Я предполагаю такое заключение: гении отличаются от среднего класса очень тонко. В речи это непоправимо незаметно, что ж, продолжу. Адекватными мыслями называл мой отец все подряд почти, что-то только ввергалось с неким опрятным рождением, без нагромождения и лестными замашками. Отец мой считал их – эти мысли – голосом судьбы, которые вещают внезапно и приходят как дитя или озарение. Если что-то выглядело просто и с пикантностью, то пусть это останется в рамочке. Обязательно надо прибить это насекомое с легкостью, чтобы не поломать крылышки – повесить в рамочку со стеклом. Каждая фраза, с которой он оказывался солидарен и если она была близка ему, то отсюда следовало неприхотливое обязательство превратить это в аксиому. Прославлять ее на коленях почти что… Стыд перед примитивизмом был настолько стеснен, что даже походил на камень. Рваные, отодранные представления – их куски, одетые в ненужные аксессуары, которые ничего-ничего не обозначают. Просто так выглядят. Были достоинством моего отца. Если вдруг я думал также, как и он – это превращалось в открытие. Затем праздновалось за мини-столиком в голове. Лихо мычать и с претензией у отца получалось несравненно. Но к черту его. Чтобы вдоволь возмущаться, надо искрить в разных ипостасях, язвить зверски.

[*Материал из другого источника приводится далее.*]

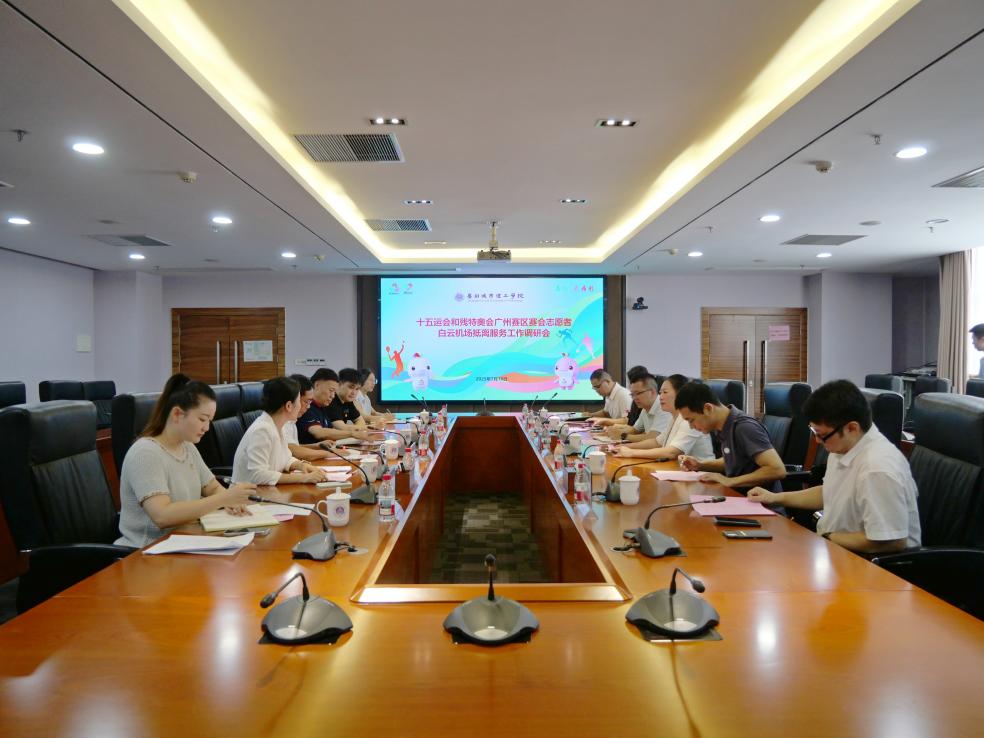 本网讯(记者 周梦思)为高质量推进第十五届全国运动会和全国第十二届残疾人运动会暨第九届特殊奥林匹克运动会广州赛区白云机场抵离服务工作,7月16日,广州市执委会志愿者部驻会副部长魏晓丽,接待部抵离服务处处长邱辉欧一行莅临我校调研。我校党委副书记、副校长刘洊波,党委组织部部长赵永林,校团委书记及相关人员参加调研会。

Как-то раз я пошел к психологу. Мультяшный опыт. Но с намеком на мелодраму. Она говорила, что все мы воспринимаем через уже прожитое или уже ощутимое. Этот пример поражает своей узостью, в хорошем смысле этого слова. Только вот адаптация ко всем шероховатым теориям с длинной шерстью не применим. Кант считает, что существует чистое знание – трансцендентное или иное знание apriori. Оно может быть аналитическим или синтетическим. Дело в том, что по своим критериям я утратил испытание новизны при чтении, и писанине. И с этой жалобой рванул к Оксане Алексеевне. С надеждой, как это всегда бывает, что она раскроет карты. Но она их только спутала, нажав потным пальцем, немного соскользнув и задев все прочее. Она не просто предположила, но утвердила как бы занозу далее. Кроме того, это обоснование было крайним и слишком заезженным. Так что вульгарность кодировалась, чтобы снова не стать подобием интеллектуального совершенства. К чему этот обман? С внешностью отчаявшегося понятие провоцировало антисостояние своего эпизода оформления. Даже ему было стыдно за словечки и переодевание, которым смутила и в которое заставила одеться эта дамочка. Как это несносно. Оксана Алексеевна была чертом с бледной кожей и толстым лицом, так что притягательности нигде не наблюдалось. Но что уж там – лицо, жирные фразы, без костей. Каркас совершенно отсутствовал. Соблюдение некоторого закона в свою пользу шаталось с скоростью гиперкара Devel. Зачем мне это прославление уверенности, в местах, где я вижу только сомнение. Зачем мне это? Так еще платить за это деньги, за экскурс в псевдо-философию. Спорить с ней равно подрыванию авторитета. Психологи, даже клинические являются телами без костей. Они выбрали удобные выдумки и порхают ими до усталости. Так что это усталость дает плоды в форме гнилой мухи. Но заметьте, есть мясо, гнилая муха – это уже что-то, правда неприменимое почти нигде, но бросить ее в глаза можно, так чтобы она застряла. Как и сделала Оксана Алексеевна. Бросалась мячикам из мух , кружкам, размером с точку. Это были антивитальные осадки. Кислотный дождь. Но выглядел он с взглядом на ее авторитет очень примечательно, но отнюдь не гибко. Ее теория не сгибается вовсе. Она прямее прямоты. Как это уродливо.
Что касается Юрия Сергеевича – это талант, мега-мозг. Он совершенно внятно и стилистически блестяще создает гипотезы, которые далее никак нельзя вычеркнуть! Он хороший специалист и кажется трудоголик. Это призывает восхититься. Именно к нему я отношусь с дороговизной и клейкостью и иначе быть не может. Он мне очень дорог. Его холодный нрав сочетается с симпотизированием высокого полета. Он мне дорог.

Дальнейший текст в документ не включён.